Windows Azure, Xbox Live Experience Problems as Xbox One Launches update from November 2013
Xbox One launch day turned out to be a rough ride for the Windows Azure cloud computing service, which helps power Xbox Live. The platform was plagued by problems for much of Thursday, including storage and network issues.
November 22, 2013
The interior of a 40-foot container inside the new Microsoft Chicago data center, packed with servers on either side of a center aisle (Photo: Microsoft).
This is a big week for Microsoft. Thursday's release of the Xbox One gaming system marked the culmination of years of hardware development (including a reported $100 million investment in the controller design) - and months of marketing hype. To boost its focus on the online gaming aspect of Xbox One, Microsoft touted its use 300,000 servers to support the Xbox One network.
But launch day turned out to be a rough ride for the Windows Azure cloud computing service, which helps power Xbox Live. The platform was plagued by problems for much of Thursday, including a storage outage early in the day, followed by performance problems that Microsoft attributed to DNS issues outside of its network.

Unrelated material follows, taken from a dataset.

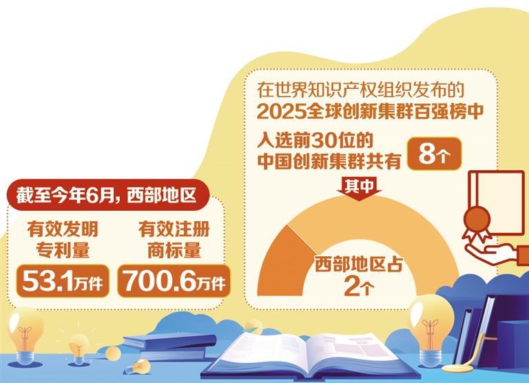 The report "2025 Global Innovation Index (GII) has recently been released by the World Intellectual Property Organization shows that China has been ranked in the world's top ten for the first time and maintains a leading position in the global income economy. On the list of 2025 Top 100 Global Innovation Clusters released by the World Intellectual Property Organization, China has 8 clusters of innovation ranked in the top 30, of which 2 in the western region in June, the number of valid registered商标达到了7.006,000,总体增长了,这表明西方地区的能力不断变化,并成为我国家知识上的知识行业不可或缺的一部分。Estern Power正在改变国家变革区的模式。西部地区的炎热土地通过在整个知识产权链中有系统的崩溃来形成强大的知识产权国家,在重要的支点中逐渐增长,为高质量的经济发展提供了强大的动力。专利的转化正在加速,智力财产转型的“最后一英里”的开放是变革与行业深入整合的关键。西方地区依靠西方城市的强大NA大学和西方城市的科学资源,如西安,成都和重庆,完全促进了从实验室到生产线和商业价值释放的专利技术。李·赫琼(Li Hejun)向西北理工大学转型的案例是其代表。该团队从事高性能摩擦材料和陶瓷热隔热的研究和燃烧材料很长时间。 2024年6月,该项目获得了2023年国家技术发明奖的二等奖。为了允许科学研究人员专注于研究要点,学校将开放转型渠道,寻求政策支持,将投资机构和融资联系起来,提供服务,这是用于转化和应用知识产权的整体过程,并解决了转化科学和技术成就的问题。 2024年7月,学术团队李·赫琼(Li Hejun)以专利为赞赏的新材料技术有限公司(Xi'an Boxin New Material Technology Co,Ltd)。换句话说,该项目在短短2个月内就将科学和技术成就转变为公司实体。该公司成立不到半年后,它成功地获得了3750万元人民币的融资,其市场升值达到了2亿元人民币。不仅是发展该专利的回报率,但以地理指示和商标代表的品牌的影响在西部地区的经济发展中也表现出了巨大的能量。西安市政府副秘书长杨Zuotoo(Yang Zuotoo Xi'an Vision和Visual Company的“ Terracotta Warriors and Horses VR Cinema”项目使用数字方式制作数千年的Terracotta Warriors and Horse“ Live”,并赢得了“全球第二世界知识组织”; “ Tang Niu”和“ Yi Qin”将Tang和Qin Dynasty的要素纳入时尚的文化和创造性文化中,并依靠专利和商标来产生保护网络; “ Tang Tang Dynasty City”和“ Changan的十二个小时”使用商标品牌将Cultu结合起来RAL资源,到MGA分散的历史象征形成集群效应。从对专利的欣赏到加强商标专利,西方地区将创新成就与市场需求结合在一起,实现快速转型,破坏科学,技术和经济的“两个皮肤”问题,注入区域经济发展的新动力,并为西方的国家发展提供西方经验。系统地保护现代创造力。智力保护是刺激变更和维护市场秩序的活力的重要保证。在最近的两年中,西方的文化和旅游市场充满了热情,这导致了文化和创意领域的销售,但是随后在智力保护财产的问题上,人们更加众所周知。以Daxiang Technology(XI'An)Co,Ltd The Dote for“ furry bun”为例IS是具有基于Xi'an Roujiamo的时尚玩具的毛绒玩具,并迅速成为西安(Xi'an)的领先文化产业和创意。但是很快,这个“小明星”发现了一种假违规行为,这严重影响了公司的经济回报和品牌形象。今年3月15日,西安版权局,市场监督管理局以及文化和旅游局共同发布了“尊重和保护时尚玩具的知识上所有权的共同公告”,并执行了特殊的更正措施。 “通过协调编织多个部门的紧密保护网络,实际'毛茸茸的面包'的销售额在半年内增长了50%以上,这有效地保护了首次公开报价的利益。” Yang Zotoao提出。西安城墙管理委员会探索了一条新的数字文化遗产保护途径。他们为“数字小屋”建立了一个全面的管理平台,并基于数字机舱项目,leted 72 data of the Pags of Pags Pag pag pag pag pag pag pag pag pag pag pag pag pag pag pag pag pag pag pag pag pag pag pag pag pag pag pag pag pag pag pag pag pag pag pag pag pag pag pag pag pag pag pag pag pag pag pag Intellectual ownership to develop rich data资产。在文化和旅游业方面,通过 - 深度数据分析(例如Turis Source Areata,年龄结构等),从文化和创意产品到文化遗产,从违反数字保护的情况下,西方地区建立了一种全面的知识保护系统,为传统的文化变革和数字经济发展提供了稳定的保证。该政策导致环境优化一个良好的政策环境是智力权利高质量发展的基础。通过机构创新和服务优化,西部地区创建了一个与变革和企业家精神一致的生态系统。沉唇,可怕ctor of the Shaanxi Provincial Intellectual Property Bureau, introduced that in December 2024, Shaanxi province launched a "Lingxi Plan" to produce a deep mechanism of integration of "GobyeRno, Industry, Academy, Research, and Finance "with four in-one integrations of" Policy Policy + Government Government + Regional Coordination + Market Operation ".自从启动该计划以来,已经为氢能,CNC机床,钛和钛合金,商业航空航天等的主要行业举行了四次离线活动,包括氢能,钛合金和钛合金在内的专利池,包括30种技术,以及30种技术对接和资本对接的技术,并促进了专利量的价值,旨在Converent Convernent Convercent Convernent Converent Converent Convernens Convercent is 1500 nors y Mornor Yuuan。 - 在Shaanxi省级党委员会金融委员会副局长Li Jihui拥有的知识分权上,介绍了地方政府的科学和技术财务50步,使特殊FI知识产权知识产权的土地,并建立了“ Qinzhidai”知识

"We are experiencing an issue with Storage in North Central US," Microsoft reported on its Azure service dashboard. "Customers may experience intermittent timeouts when accessing storage in North Central US. The number of customers impacted is extremely low." The problems soon spread to other regions - including the South Central US, North Europe, Southeast Asia, West Europe, East Asia, East US and West US - before being resolved at around 11:30 am UTC time.
The North Central US would suggest the issue may focus on Microsft's infrastructure in Chicago, where the company built a huge container data center with servers housed inside shipping containers. But don't blame the containers - the storage in Chicago is housed in a traditional colocation data hall in another part of the Chicago facility.
Shortly afterward, Azure started seeing "an intermittent issue" with networks in the North Europe and West US regions. A Microsoft rep later tweeted that that issue was DNS-related and did not originate on their system.
@gigabarb @mappingbabel Correct - the issue today was a widespread DNS issue (and the DNS management was on servers outside of Azure).
— Scott Guthrie (@scottgu) November 22, 2013
Nonethelesss, the multi-region issues got the attention of one of a prominent analyst tracking cloud services.
Azure's cross-region outages means that multi-region deployment isn't really a useful strategy for higher availability.